All of these things may not sound very funny, but Stearns plays up so much of the dialogue in such a stilted, ridiculous way that all you can do is laugh and wonder why everyone on-screen is taking it so seriously. And though Self-Defense does become shockingly violent in some instances – to a point where my mouth was just agape with sheer bewilderment for a very long period of time – the majority of scenes are played with a humourous tongue-in-cheek bend.
Eisenberg is on point the entire time, firing on all cylinders and playing right into the kind of indie sensibility that made him a star in the first place. His work here reminded me a lot of his dual role in Richard Ayoade’s underappreciated enigma The Double in how he plays two sides of the same coin and how multi-faceted his approach was to both personalities. He is only playing one character here, but his transformation from reclusive and fearful big-hearted guy to an overconfident, arrogant and pompous asshole bro is truly one for the ages. The same goes for Nivola’s Sensei, whose ambiguous nature is what really drives the film.
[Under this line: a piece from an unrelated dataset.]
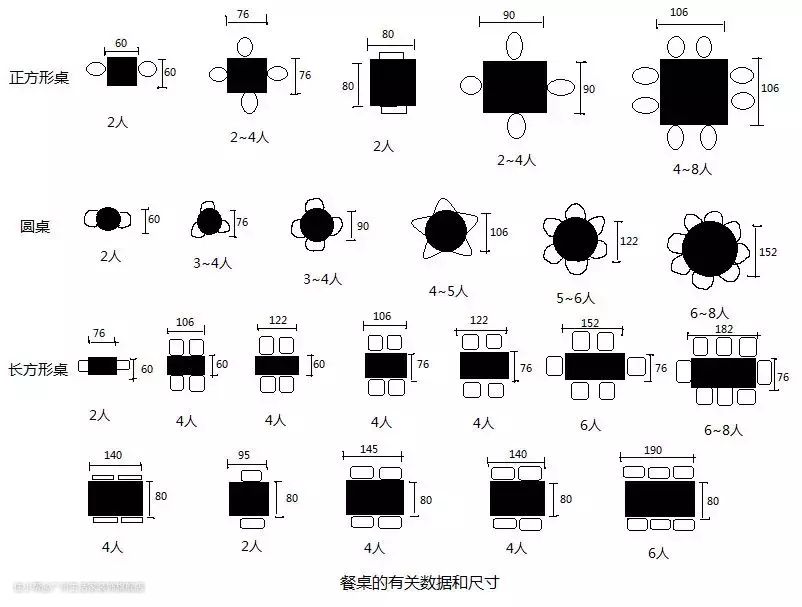 我们生活中最常见的就是方桌和圆桌了。椭圆形的餐桌是最近几年比较流行的,但是椭圆形的餐桌尺寸基本可以参考长方形餐桌的尺寸了,具体的大小还是得根据实际,通常会因为圆弧桌边而产生一些差异。

You are never able to get a full reading on him, and just when you think you understand all of his motivations, he goes ahead and does something completely unexpected and makes you change your thinking altogether. And he does this from his very first frame all the way up to his very last. Nivola has long been a supporting player, but he truly shines here and really comes into his own. His darkly twisted delivery of some lines is downright hysterical, even at its most poisonous and vile.
The pacing is not always the best and it will not be for everyone, but The Art of Self-Defense is hilariously bleak and truly one-of-a-kind entertainment. This is satire done right, driven by terrific performances from Eisenberg and Nivola, all centred around messaging that every man has probably heard and experienced far too many times. It is twisted and disgusting, but it says a lot about male culture – and shows how we really have not come all that far from what used to pass for being acceptable.
The Art of Self-Defense was released in Toronto, Vancouver and Montreal this past Friday, and will begin expanding across Canada starting Friday July 26!